The megaproject, which might have fallen off the radar of some commuters over the past month during the unprecedented 30-day Orange Line shutdown, remains on schedule in its 11th week of 36 planned weekend closures.

"This was a little bit of a sleeper over the summer on account of the excitement going on with the Orange Line, but the Sumner Tunnel has been chugging along," Highway Administrator Jonathan Gulliver told the Department of Transportation's board. "For the most part, this project has been going very well. Traffic has settled in, which is something we expected, that after a couple of weekends, people would get used to this being closed. They understand where they need to go to avoid the closure and get to where they need to go efficiently."

"Work is getting done, and they're keeping on schedule and a little bit ahead in some areas," he added. "So far, this is going very well for us."

One technique officials deployed is the use of a "priority lane" at Logan International Airport, which Gulliver said flushes traffic straight through the airport's roadways into the Ted Williams Tunnel while the Sumner -- a major connector linking the airport and points west -- is offline.
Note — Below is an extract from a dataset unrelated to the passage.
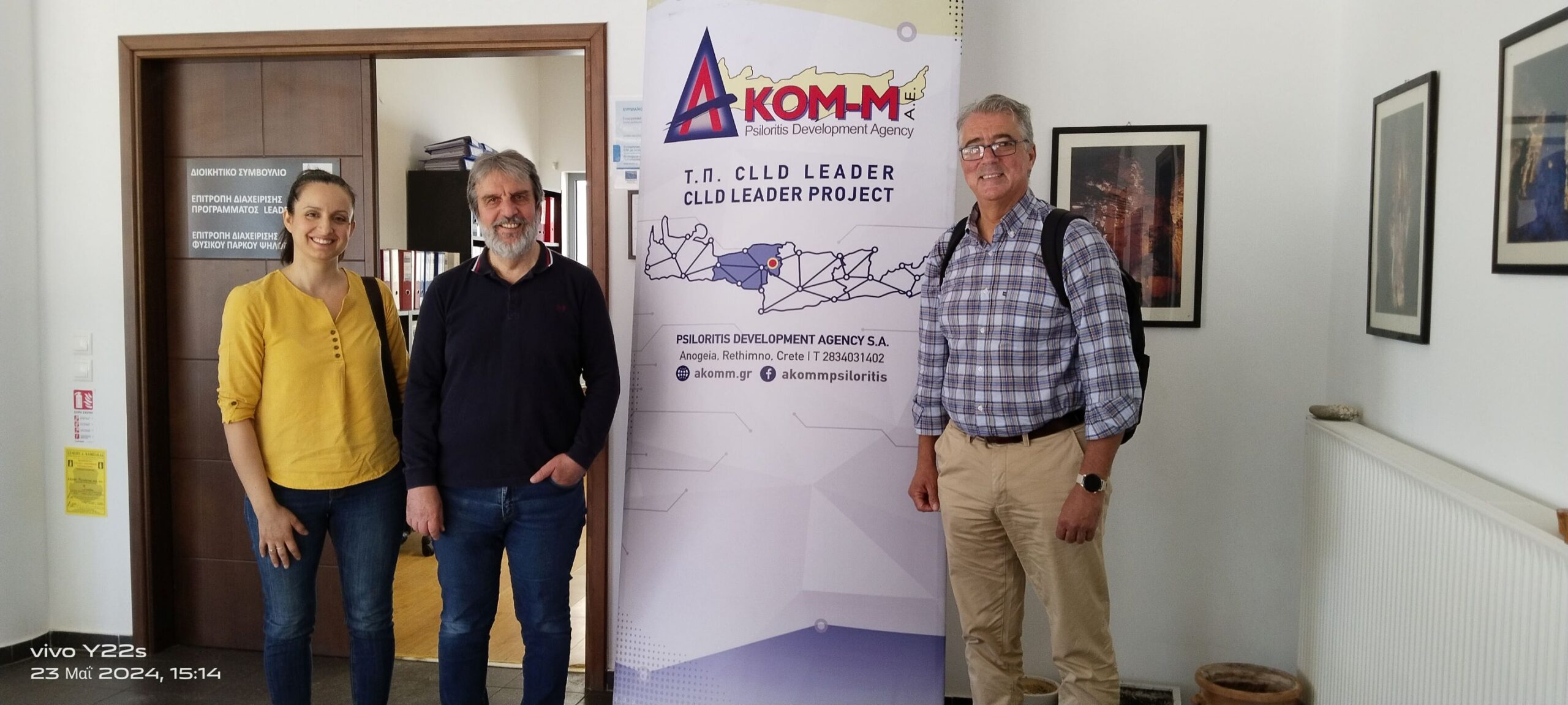 Στις συναντήσεις από την πλευρά της Περιφέρειας Κρήτης ήταν ο συντονιστής του έργου Αν. Προϊστάμενος Τμήματος ΔΒΜ, Παιδείας και Απασχόλησης της Δ/νσης Ανάπτυξης Π.Ε.Ρεθύμνης Χαράλαμπος – Νικόλαος Πίτερης και επιστημονική συνεργάτιδα του κα Κονδυλία Σκραπαλιώρη, Δασολόγος.
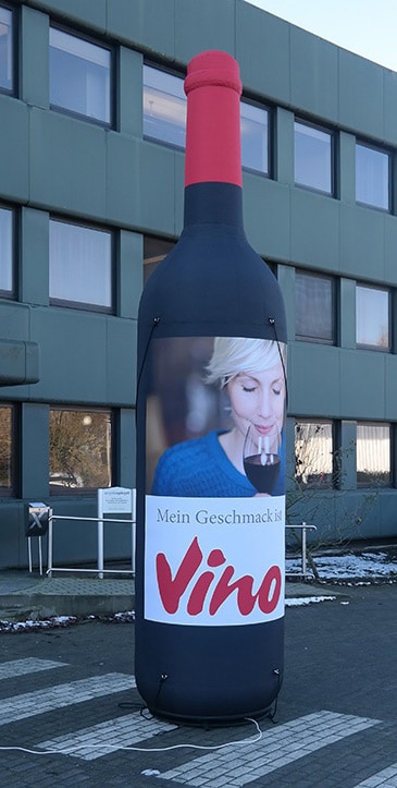 This inflatable wine bottle is approx. 5 m high and was produced for Vino GmbH. The bottle is rather simple and captivates with its great label. This bottle is also a second edition for Vino GmbH.

"At the outset, if you're driving by, it looks like a lane drop, it looks like we're removing capacity. But what we're actually doing is providing priority to move traffic out of the airport so that it will not back up onto connecting roadways in East Boston and it actually keeps those other lanes flowing," Gulliver said. "It's been incredibly effective, and we're going to continue to use it throughout."

Officials warned this year that the 87-year-old tunnel carrying traffic westbound from East Boston to downtown is in a state of "disrepair" and needs extensive work to remain in service.

The project will close the tunnel from Friday night through Monday morning for about another two dozen upcoming weekends, though it will remain open several weekends in that span involving holidays, followed by four continuous months next year and another series of weekends in late 2023.